DATA FOR PROCESSING:

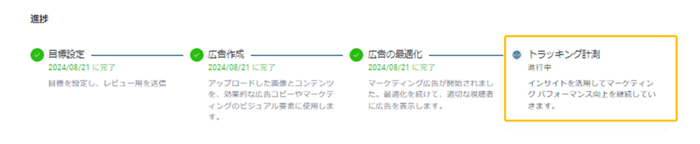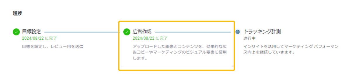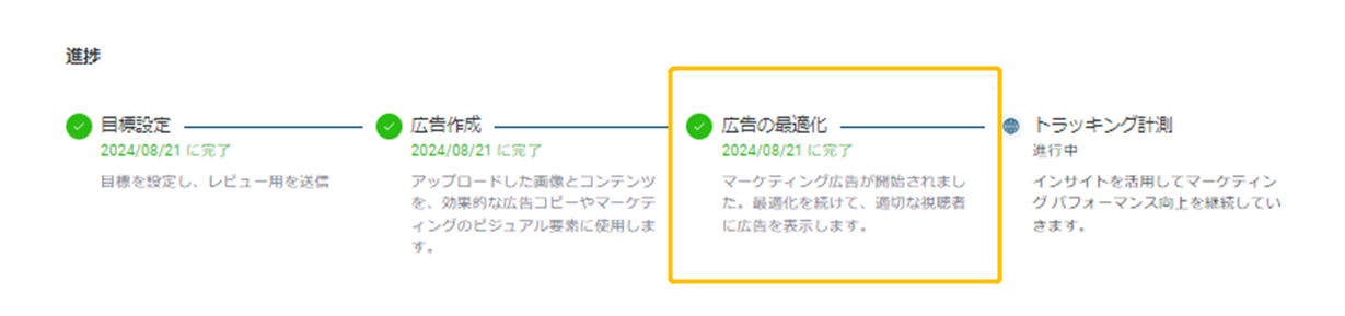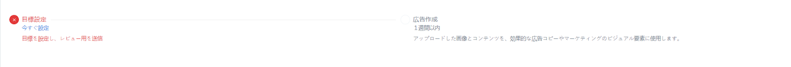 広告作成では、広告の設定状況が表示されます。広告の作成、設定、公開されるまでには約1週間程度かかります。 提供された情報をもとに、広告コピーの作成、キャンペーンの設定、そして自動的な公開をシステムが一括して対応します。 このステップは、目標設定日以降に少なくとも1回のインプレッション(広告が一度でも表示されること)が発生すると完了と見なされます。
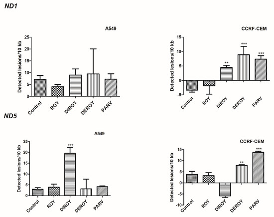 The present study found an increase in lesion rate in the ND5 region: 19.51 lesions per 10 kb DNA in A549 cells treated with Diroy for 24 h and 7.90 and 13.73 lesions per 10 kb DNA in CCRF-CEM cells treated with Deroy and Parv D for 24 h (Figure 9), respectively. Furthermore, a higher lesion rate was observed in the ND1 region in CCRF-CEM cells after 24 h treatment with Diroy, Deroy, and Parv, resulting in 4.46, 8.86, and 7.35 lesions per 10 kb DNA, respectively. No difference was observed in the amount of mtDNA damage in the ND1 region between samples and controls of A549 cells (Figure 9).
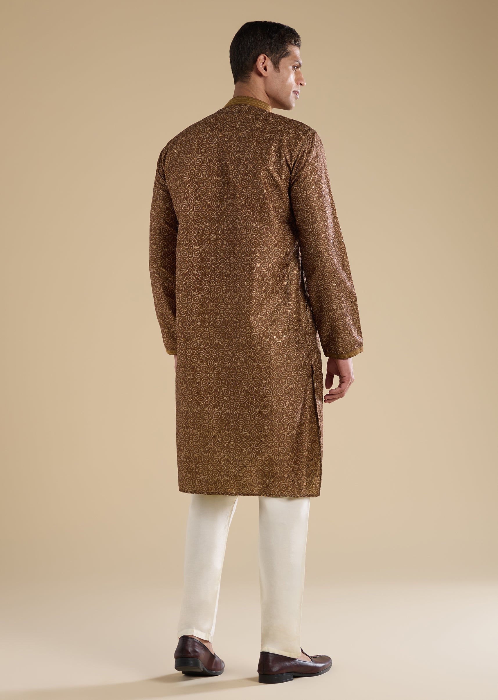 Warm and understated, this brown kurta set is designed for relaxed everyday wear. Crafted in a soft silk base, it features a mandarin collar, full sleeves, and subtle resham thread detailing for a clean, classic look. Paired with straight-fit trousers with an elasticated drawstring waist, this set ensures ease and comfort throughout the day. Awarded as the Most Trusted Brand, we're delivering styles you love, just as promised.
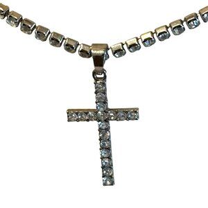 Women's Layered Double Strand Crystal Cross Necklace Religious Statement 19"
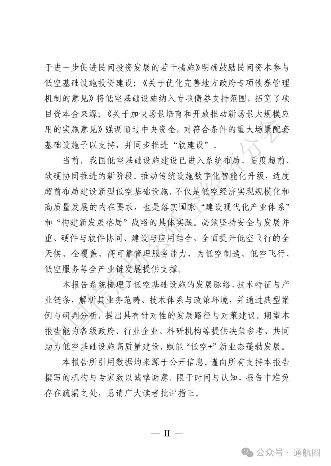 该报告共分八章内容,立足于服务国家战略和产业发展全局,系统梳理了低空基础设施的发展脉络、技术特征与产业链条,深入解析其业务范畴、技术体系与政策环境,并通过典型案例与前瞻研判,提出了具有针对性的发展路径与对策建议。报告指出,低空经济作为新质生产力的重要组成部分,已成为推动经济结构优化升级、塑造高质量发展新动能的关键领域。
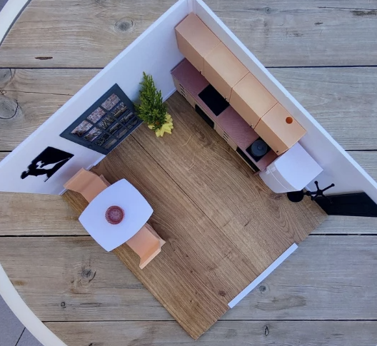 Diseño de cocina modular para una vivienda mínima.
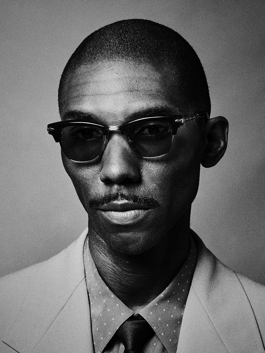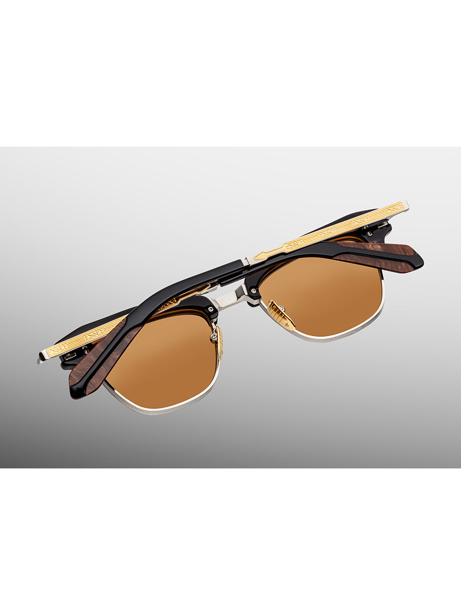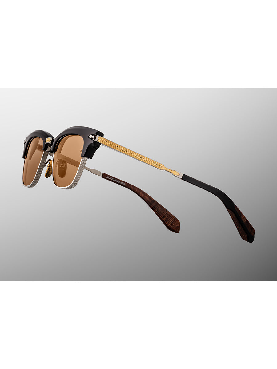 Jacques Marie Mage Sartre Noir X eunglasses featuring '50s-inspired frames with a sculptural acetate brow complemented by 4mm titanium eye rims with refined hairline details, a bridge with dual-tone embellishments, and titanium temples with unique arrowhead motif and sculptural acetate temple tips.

---

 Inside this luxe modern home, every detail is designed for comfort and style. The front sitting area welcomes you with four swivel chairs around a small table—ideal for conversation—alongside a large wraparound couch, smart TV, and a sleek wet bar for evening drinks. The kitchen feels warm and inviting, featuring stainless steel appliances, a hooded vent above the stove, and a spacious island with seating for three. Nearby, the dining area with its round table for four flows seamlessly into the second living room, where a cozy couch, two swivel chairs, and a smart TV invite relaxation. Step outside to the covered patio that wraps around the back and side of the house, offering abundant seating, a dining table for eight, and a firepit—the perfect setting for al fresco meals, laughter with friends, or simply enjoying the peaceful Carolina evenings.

ASSIGNMENT: Taking the records above, print only and exactly the lines from the line with "Women's Layered Double" to the line with "Jacques Marie Mage", both kept, and exclude pictures.

SOLUTION:
 Women's Layered Double Strand Crystal Cross Necklace Religious Statement 19"
 该报告共分八章内容,立足于服务国家战略和产业发展全局,系统梳理了低空基础设施的发展脉络、技术特征与产业链条,深入解析其业务范畴、技术体系与政策环境,并通过典型案例与前瞻研判,提出了具有针对性的发展路径与对策建议。报告指出,低空经济作为新质生产力的重要组成部分,已成为推动经济结构优化升级、塑造高质量发展新动能的关键领域。
 Diseño de cocina modular para una vivienda mínima.
 Jacques Marie Mage Sartre Noir X eunglasses featuring '50s-inspired frames with a sculptural acetate brow complemented by 4mm titanium eye rims with refined hairline details, a bridge with dual-tone embellishments, and titanium temples with unique arrowhead motif and sculptural acetate temple tips.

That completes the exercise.